The experimental manipulations were embedded on the first, introductory page of the survey.  Above the survey’s title (“a study of public opinion about government and police”), participants who were randomly-assigned to an experimental condition saw a banner that contained three pictures.  Two of the pictures were constant across all three groups; these were a picture of Members of the U.S. House of Representatives delivering remarks at a podium emblazoned with the House seal and a picture of members of the U.S. National Guard in camouflage fatigues handing out care packages to a mother and child.  These constant images of government professionals were designed to slightly obscure the study’s central focus on images of the police in order to minimize the possibility that respondents would guess the intent of the pictures and reply as they thought the surveyors desired.  The third image, placed in the center of the banner, contained one of the three police-civilian interaction pictures.  Respondents were randomly assigned to receive one of the three treatment pictures or to receive a control condition that contained only the title text, no pictures.

We chose actual pictures of police and civilians found through Google image searches.  This means that the treatment stimuli reflect the kinds of pictures that people routinely see online and on the news.  As such, the treatments possess a degree of external validity, but this comes at the cost of precision.  Since the pictures each contain numerous elements, we cannot specify precisely which facet of the images may generate a framing effect on people’s opinions about the police.  Due to the complicated racial dynamics at the center of the policing debate (Peffley & Hurwitz, 2010), we were careful to ensure that the pictures represented racial diversity as much as possible.  No picture contained solely white people, and only the community policing treatment picture was racially-homogenous; both of the officers and the civilian in the picture were African American.

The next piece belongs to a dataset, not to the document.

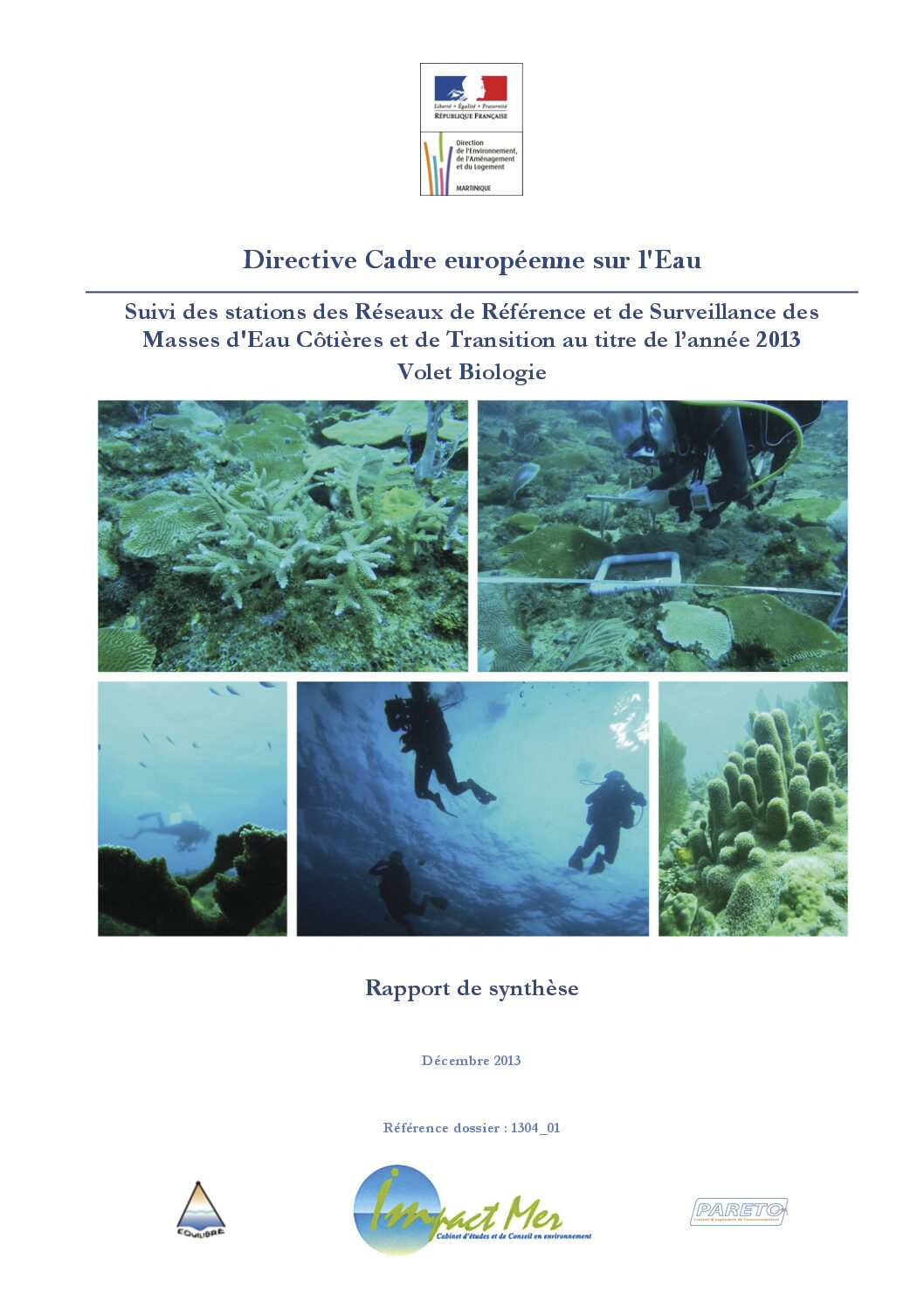 Rapport de synthèse du Suivi des stations des Réseaux de Référence et de Surveillance des Masses d’Eau Côtières et de Transition au titre de l’année 2013 – Volet Biologie.
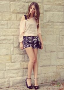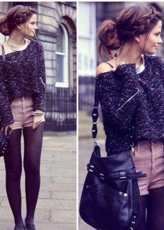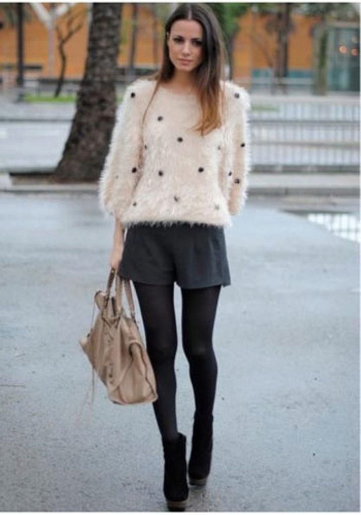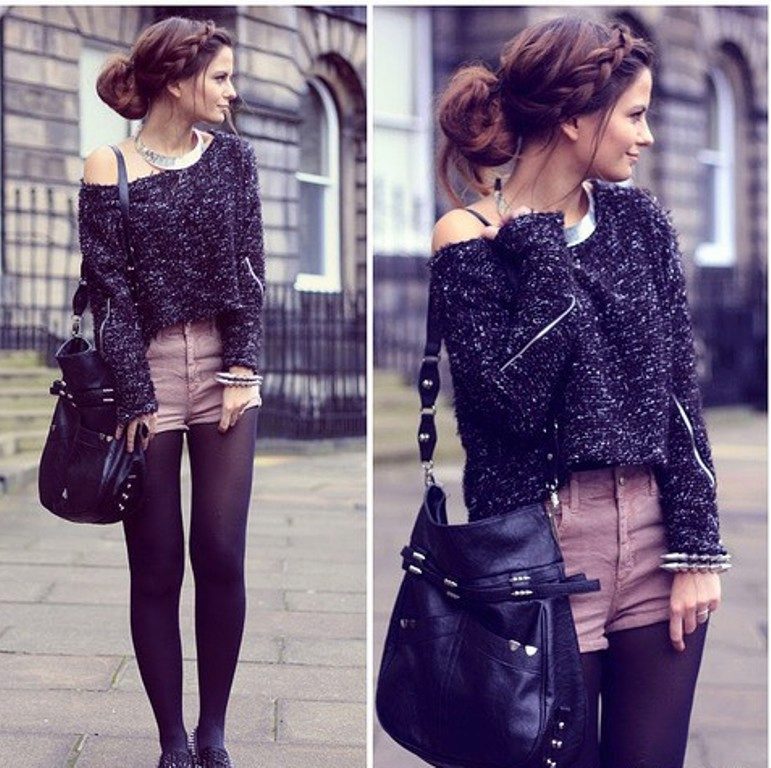 Want to get a sexy casual look? Wear a V-neck blouse over a naked body, combining it with short leather shorts and black tights. Do not forget about ankle boots with high heels and a volume bag.

We ensured that participants were properly exposed to the treatment in two ways.  First, the title screen was set on a five second delay before participants could proceed, so they could not immediately skip over the pictures.  Second, following the title screen, participants were reshown each of the three images in the title banner, one by one, and asked to briefly describe what they saw in the picture; participants in the control group proceeded directly to the survey questions.  Only about 1% of respondents in each experimental group provided no descriptions or wrote blatantly-inaccurate descriptions of the pictures they saw, indicating that respondents were successfully treated (Mutz, 2011).  Furthermore, evidence indicates that the random assignment to conditions was successful.  There were no statistically significant differences across groups in regard to respondents’ political party affiliation (χ²[12, N = 1,068] = 19.25, p = 0.08), political ideology (χ²[12, N = 1,025] = 8.46, p = 0.75), self-reported degree of attention they paid to the news in the previous 7 days (χ²[6, N = 1,078] = 6.82, p = 0.34), or race (χ²[12, N = 1,100] = 5.73, p = 0.93), which indicates that the random assignment to conditions was successful.


According to the theories we identify as theories of change in relation to the present case (Tyler, 2006; Zaller, 1992), we hypothesize that respondents’ confidence in the police will vary across the experimental conditions in the following manner:

Hchange: Community Policing > Control Group > Stop & Frisk > Militarized Policing

According to the theories we identify as theories of stability in relation to the present case (Carmines & Stimson, 1980; Jackson & Bradford, 2009; Jackson & Sunshine, 2007), we hypothesize that exposure to different images of police-civilian interactions will not cause significant differences in respondents’ confidence in the police across the experimental conditions

Hstability: Community Policing = Control Group =  Stop & Frisk =  Militarized Policing


We recruited respondents from Qualtrics’ national, online panel to participate in a survey to “study people’s opinions about how well the government and the police are addressing problems facing the nation.”  The survey contained a variety of questions measuring respondents’ attitudes toward the police, their local government, and the federal government.  These were original questions that we wrote for the purpose of this study.  The survey was fielded in late April 2016.  We procured responses from 1,100 participants.  Since this is a nonprobability sample, we do not claim that the point estimates of respondents’ attitudes toward the police are generalizable to the national population (Baker et al., 2010).  Rather, we were interested in the causal relationship between image exposure and expressed opinion, and studies find that experiments administered to opt-in panel samples generate results that are similar to experiments administered to randomly-selected samples (e.g., Weinberg, Freese, & McElhattan, 2014; Yeager & Krosnick, 2012).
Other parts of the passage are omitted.